Another common search strategy is to find records of individuals who enlisted at a specific place or came from a specific county. This requires searching AAD using one or more coded fields. The fields Residence: State; Residence: County; and Place of Enlistment are options on the main database search screen. To search these fields, click on the "Select from Code List" link to bring up a window with a list of all the coded values. Select a value, and then click the "Submit" button. This will paste the code into the search box, and then the user can execute the search.
For example, to get a list of enlistees from Centre County, Pennsylvania, first select the primary code for Pennsylvania (code 32). Then select the appropriate county code (Centre County's code is 027). Once these codes are pasted into the search boxes and the search is submitted, AAD will return 3,170 records. All search results will be returned, but because this number exceeds the download limitation of 1,000 records, no records can be downloaded for additional processing. To get a complete list, a user could execute multiple queries, such as by running a series of searches by year of enlistment. Multiple records retrieved in this way can be downloaded to the user's computer in the form of an ASCII spreadsheet file with comma-separated values, with or without the code meanings. The file can then be directly imported into spreadsheet software, such as Microsoft Excel, for further manipulation.
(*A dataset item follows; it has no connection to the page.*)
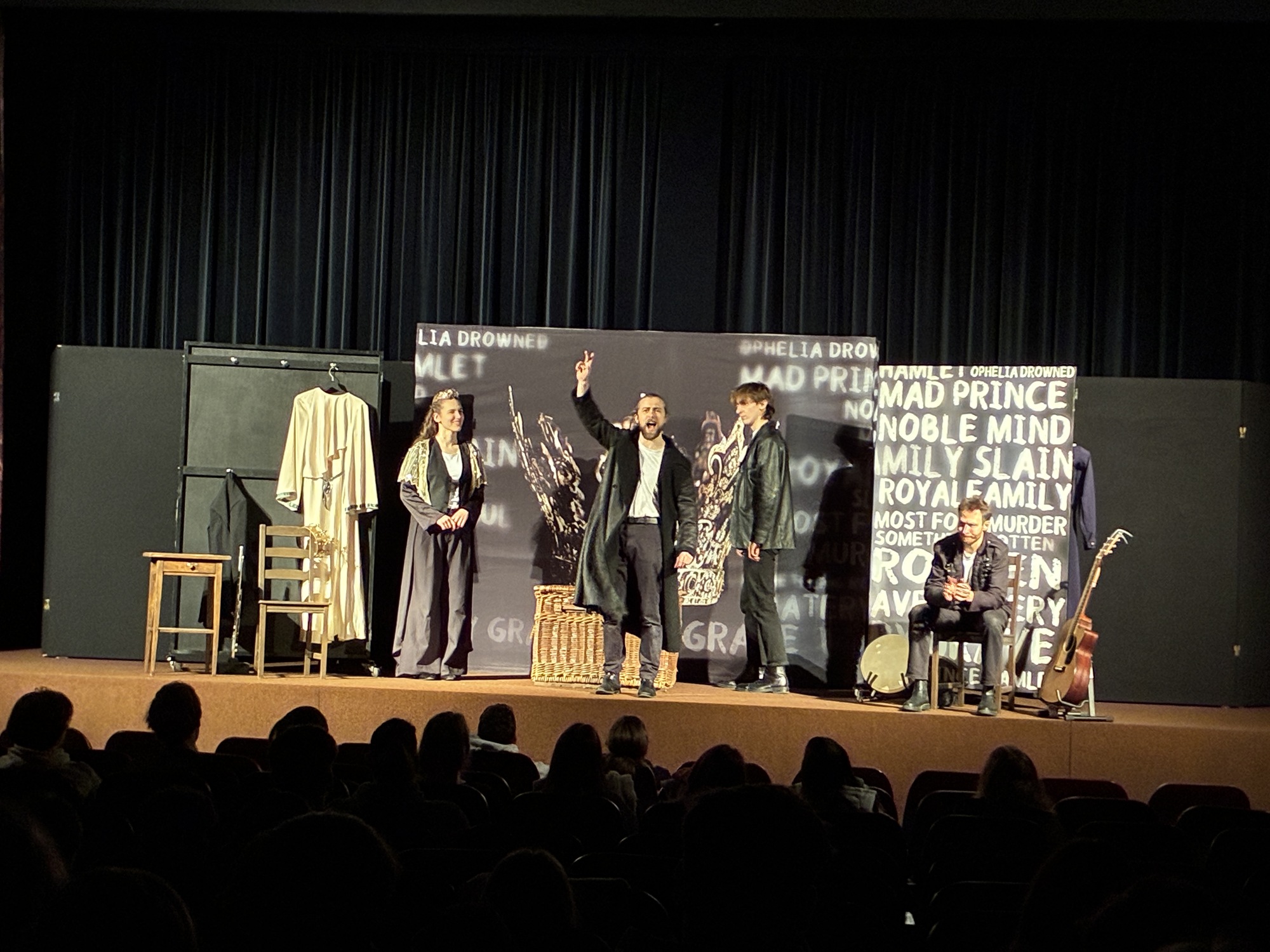 'To be or not to be' war eine der zentralen Fragen im Stück 'Hamlet' von William Shakepeare, das für unsere 7. und 8. Klassen am 11. 12. 2025 von vier Schauspielern des Vienna's English Theatre im Kino Oberpullendorf zur Aufführung gebracht wurde. Auf beeindruckende Weise und mit nur wenigen Requisiten wurden die Charaktere zum Leben erweckt, um dem Publikum tiefe Einblicke in Hamlets Gemütszustand zu geben. In einer Zeit, in der Menschen vermehrt mit psychischen Problemen zu kämpfen haben und oft keinen Ausweg mehr wissen, ist dieses Stück aktueller denn je. Deshalb waren unsere Schüler:innen sowohl von der Tiefe dieser psychologischen Studie als auch von der schauspielerischen Leistung sehr beeindruckt.

The story of the World War II Army Enlistment Records File is unique, but it illustrates the lengths to which NARA will go to provide researchers with ready access to the documentary heritage of the United States Government.
As NARA develops its Electronic Records Archives, AAD will continue to be an integral part of that program and will grow to provide access to the expanding number and variety of electronic records being deposited in the National Archives.
Theodore J. Hull is an archivist in the Electronic and Special Media Records Services Division of the National Archives and Records Administration, College Park, Maryland. His primary responsibility is the archival processing of NARA's electronic records holdings of the Bureau of the Census.